Note that you must do this in-place without making a copy of the array.

Input: nums = [0,1,0,3,12]

**Algorithm**

- declare Two pointers(used as slow runner and fast runner), The slow runner which checks for '0'. The fast runner checks for an element different from '0'.
- if the fast runner is different from '0', then swap the elements that are at fast runner and at slow runner.

**Explanation**

Input: nums = [0,1,0,3,12]

The first bold element is at the index of slow runner pointer and the the second bold element is at the fast runner pointer.

- [
**0**,**1**,0,3,12] -> [**1**,**0**,0,3,12] => shift 0 and 1 - [1,
**0**,**0**,3,12] -> [1,**0**,0,**3**,12] => the fast runner increment to the next index. - [1,
**0**,0,**3**,12] -> [1,**3**,0,**0**,12] => shift 0 and 3 - [1,3,
**0**,0,**12**] -> [1,3,**12**,**0**,0] => shift 0 and 12

**Javascript implementation**

```
var moveZeroes = function(nums) {
let p1 = 0;
let p2 = 0;
while(p2<nums.length){
if(nums[p2]!==0){
[nums[p1],nums[p2]] = [nums[p2],nums[p1]]; //swap the two elements
p1++;
}
p2++;
}
};
```

**Time and Space Complexity**

We have one loop and no sorting is required the time complexity is O(N).

Space Complexity of O(1).

**Example Problem 3:**

Given the head of a singly linked list, return the middle node of the linked list.

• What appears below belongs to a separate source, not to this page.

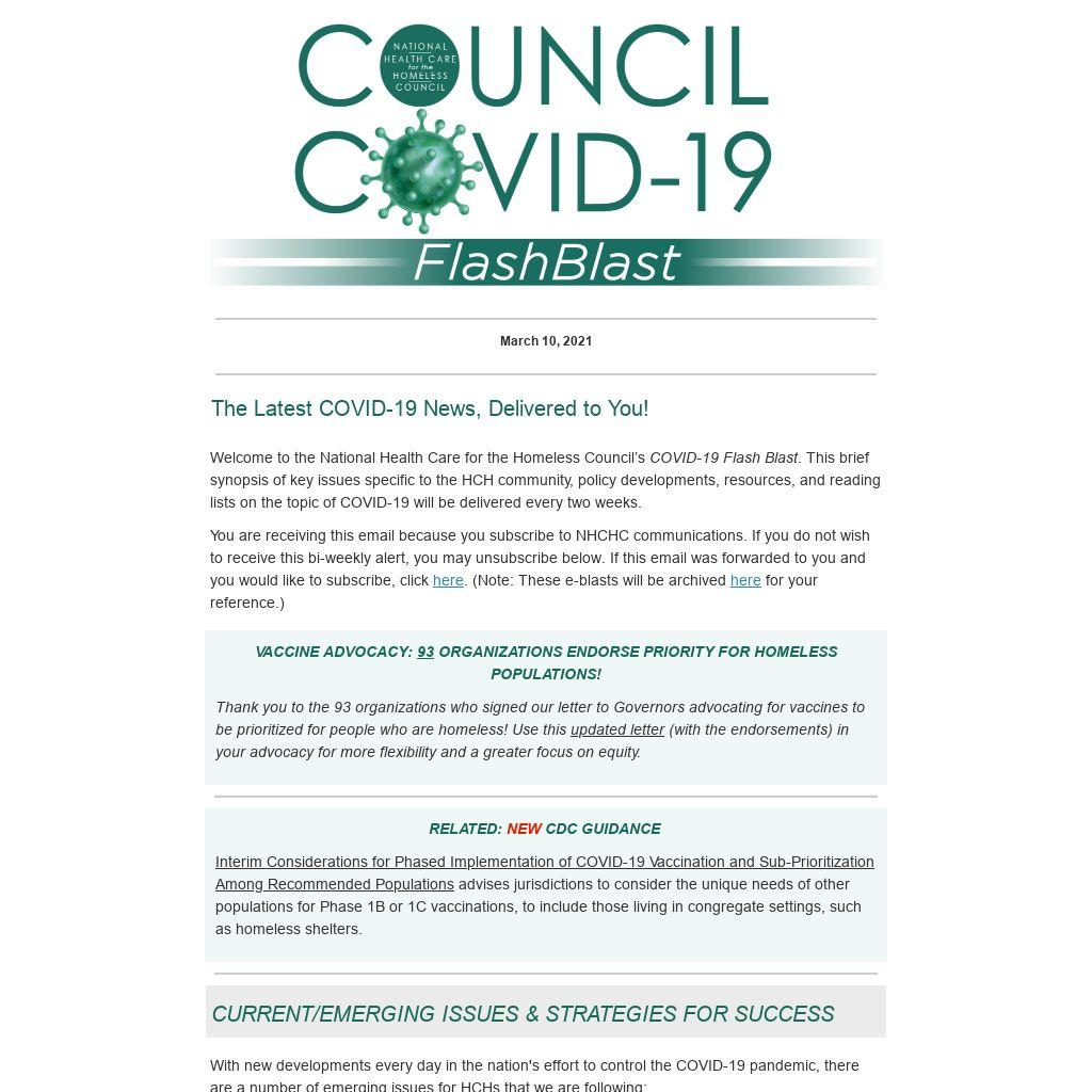 Welcome to the National Health Care for the Homeless Council’s COVID-19 Flash Blast. This brief synopsis of key issues specific to the HCH community, policy developments, resources, and reading lists on the topic of COVID-19 will be delivered every two weeks.

If there are two middle nodes, return the second middle node.

Input: head = [1,2,3,4,5]

**Algorithm**

- Initialize two pointers. Both of them start from the head of the linked list.
- The second pointer moves double the speed of the first pointer.
- When the second pointer reaches the end of the linked list the first pointer reaches the middle of the linked list.
- return the first pointer.

**Explanation**

Input: head = [1,2,3,4,5]

- [1,
**2**,3,**4**,5] => The first pointer points at '2' and the second at '4' - [1,2,
**3**,4,5].next = null =>the first pointer points at '3' and the second pointer points at next of '5' which is null. - return the first pointer, which prints out nodes starting from the middle Node of the linked list.

**Javascript implementation**

```
var middleNode = function(head) {
let p1 = head;
let p2 = head;
while(p2 !==null && p2.next !== null){
p1 = p1.next;
p2 = p2.next.next;
}
return p1;
};
```

**Time and Space Complexity**

The time complexity is linear O(N). The real time performance of the above

implementation is much better than the array.

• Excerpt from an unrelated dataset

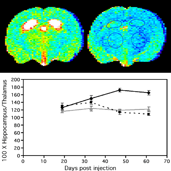 | Figure 3: Increased T2 relaxation time in the hippocampus of infected hamsters in MRI slice 6. Top, false colour T2-weighted MR images of infected (left) and uninfected (right) hamsters collected at 61 days post injection (dpi). Bottom, mean T2 relaxation time in the hippocampus expressed as a percentage of the mean T2 relaxation time in the thalamus, +/- standard error of the mean (s.e.m.). Solid black line: infected; broken black line: mock-infected; solid grey line: control hamsters. |

The space complexity is constant. because the amount of space required is independent of the input parameters

**Conclusion**

The two pointer method a must have tool to be a good competitive programmer as well as to solve technical interviews. The use of the two pointers is not limited to kind of the above problems. it is also the base for solving sliding window problems. With this article at OpenGenus, you must have the complete idea.